[Task instructions] Beginning at the line containing "这里的r是token maps,next scale的预测可以condition", repeat each line below exactly up to and including the line containing "一生懸命作ったプレゼントを照". Do not repeat the pictures.

[Dataset records]
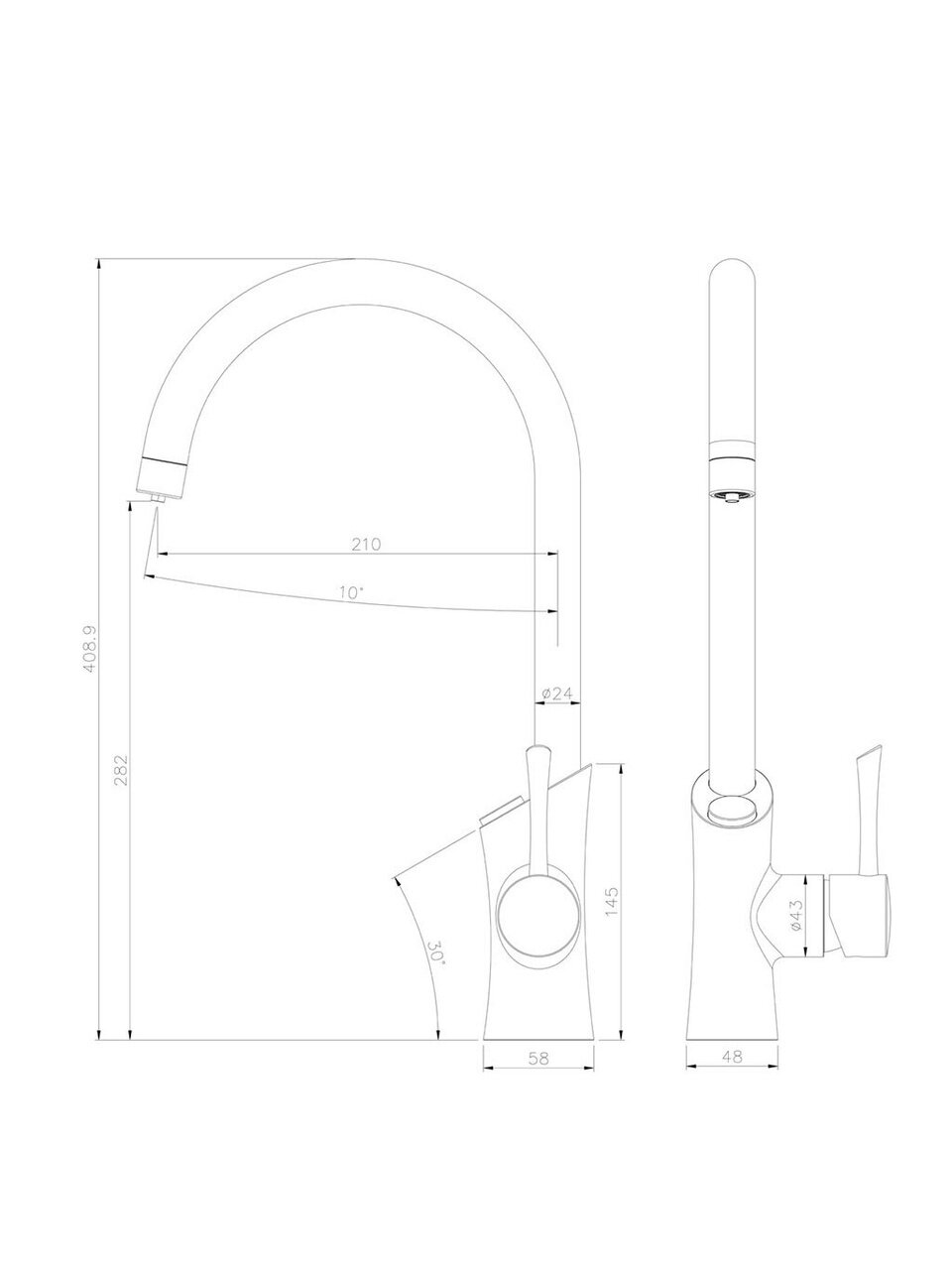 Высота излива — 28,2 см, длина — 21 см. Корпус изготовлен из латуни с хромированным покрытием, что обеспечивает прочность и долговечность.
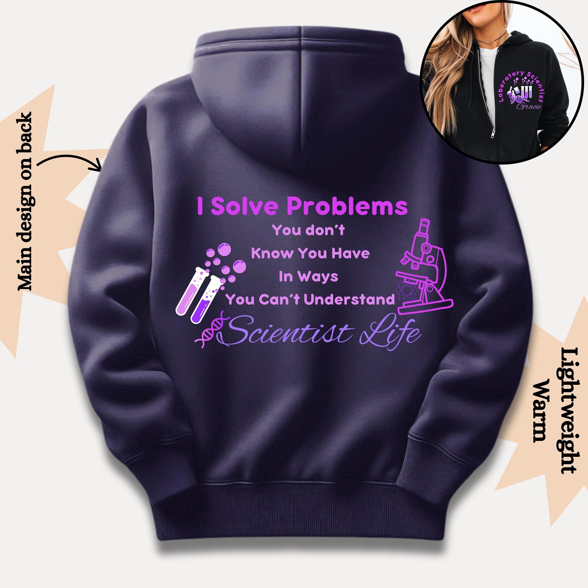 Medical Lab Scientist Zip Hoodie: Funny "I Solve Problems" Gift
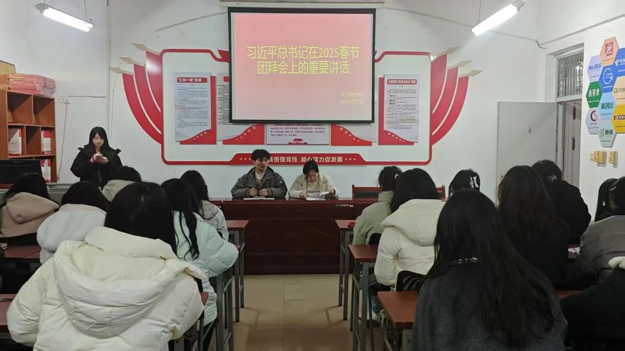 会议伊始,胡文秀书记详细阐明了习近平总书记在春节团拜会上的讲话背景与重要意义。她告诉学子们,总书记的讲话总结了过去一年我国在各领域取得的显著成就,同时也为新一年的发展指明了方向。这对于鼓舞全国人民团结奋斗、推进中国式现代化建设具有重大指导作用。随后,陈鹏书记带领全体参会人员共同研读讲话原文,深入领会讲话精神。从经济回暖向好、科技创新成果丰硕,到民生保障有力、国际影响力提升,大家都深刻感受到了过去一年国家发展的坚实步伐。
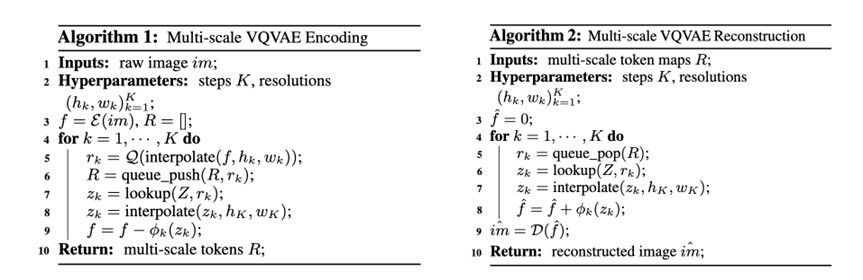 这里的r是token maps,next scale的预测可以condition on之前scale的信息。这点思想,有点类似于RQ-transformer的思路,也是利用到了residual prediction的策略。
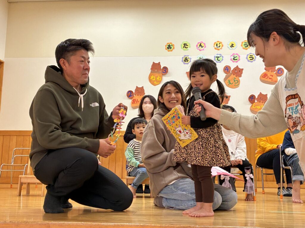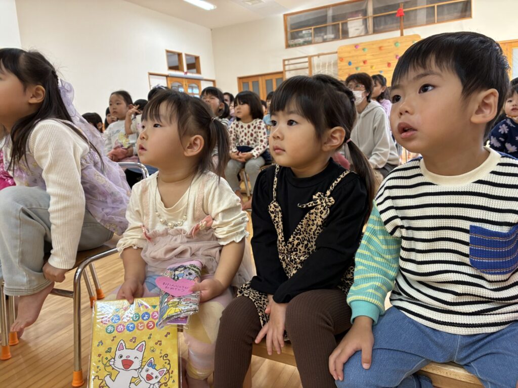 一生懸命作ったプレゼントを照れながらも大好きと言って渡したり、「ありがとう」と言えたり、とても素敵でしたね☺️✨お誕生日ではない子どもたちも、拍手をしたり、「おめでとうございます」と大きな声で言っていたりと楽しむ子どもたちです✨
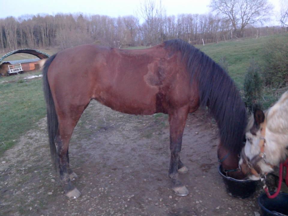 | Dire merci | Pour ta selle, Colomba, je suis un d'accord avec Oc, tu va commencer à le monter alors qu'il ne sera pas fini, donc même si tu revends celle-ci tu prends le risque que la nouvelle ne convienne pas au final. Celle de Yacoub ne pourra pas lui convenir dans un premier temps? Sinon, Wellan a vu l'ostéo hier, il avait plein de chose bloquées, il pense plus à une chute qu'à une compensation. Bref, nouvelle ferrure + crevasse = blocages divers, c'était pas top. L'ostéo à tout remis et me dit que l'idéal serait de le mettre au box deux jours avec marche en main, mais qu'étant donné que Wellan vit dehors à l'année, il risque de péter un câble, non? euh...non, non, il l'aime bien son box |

...

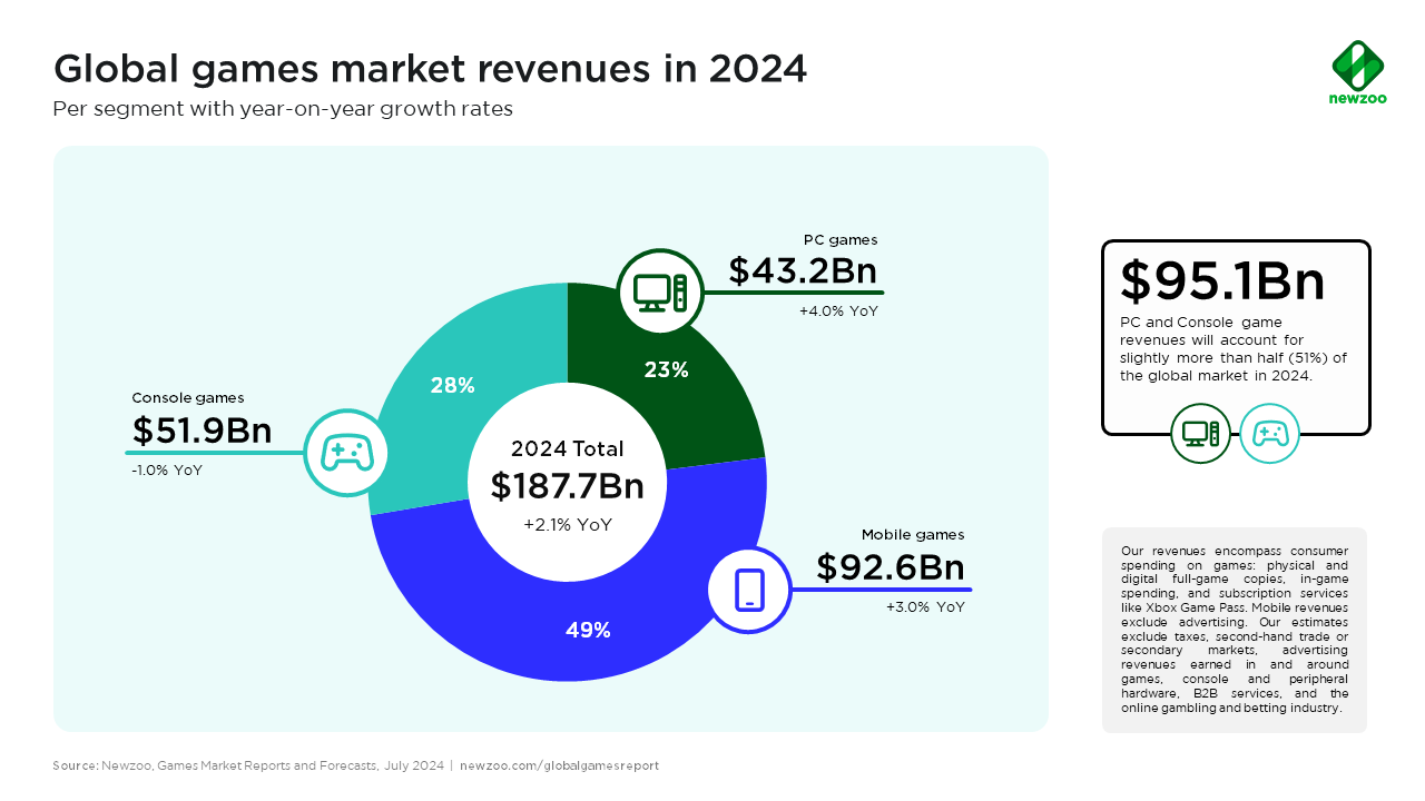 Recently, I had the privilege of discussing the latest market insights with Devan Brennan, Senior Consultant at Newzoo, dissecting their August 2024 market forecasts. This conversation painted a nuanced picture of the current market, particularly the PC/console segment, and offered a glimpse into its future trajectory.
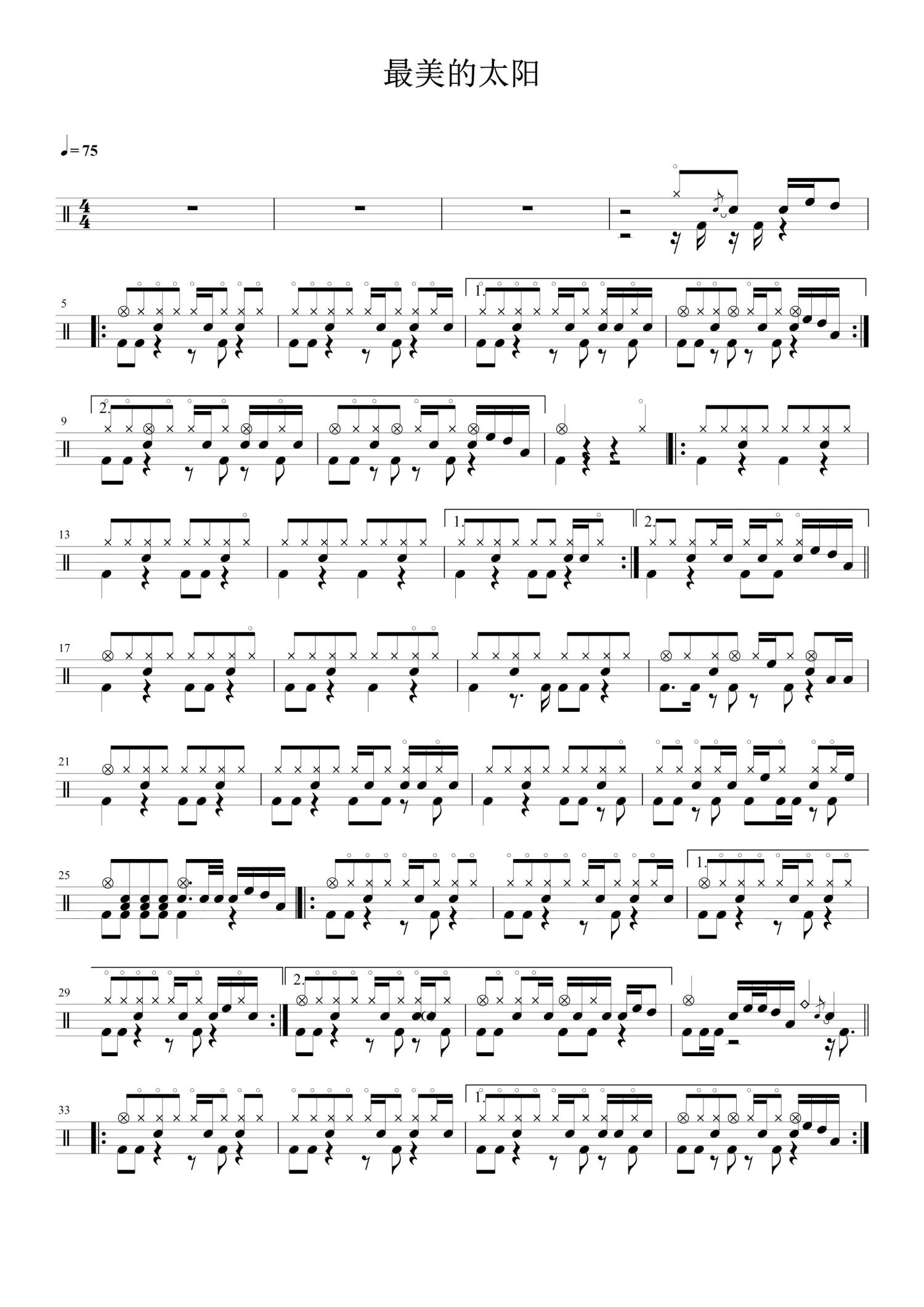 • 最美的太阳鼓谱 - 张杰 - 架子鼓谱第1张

[Solved problem]
 这里的r是token maps,next scale的预测可以condition on之前scale的信息。这点思想,有点类似于RQ-transformer的思路,也是利用到了residual prediction的策略。
 一生懸命作ったプレゼントを照れながらも大好きと言って渡したり、「ありがとう」と言えたり、とても素敵でしたね☺️✨お誕生日ではない子どもたちも、拍手をしたり、「おめでとうございます」と大きな声で言っていたりと楽しむ子どもたちです✨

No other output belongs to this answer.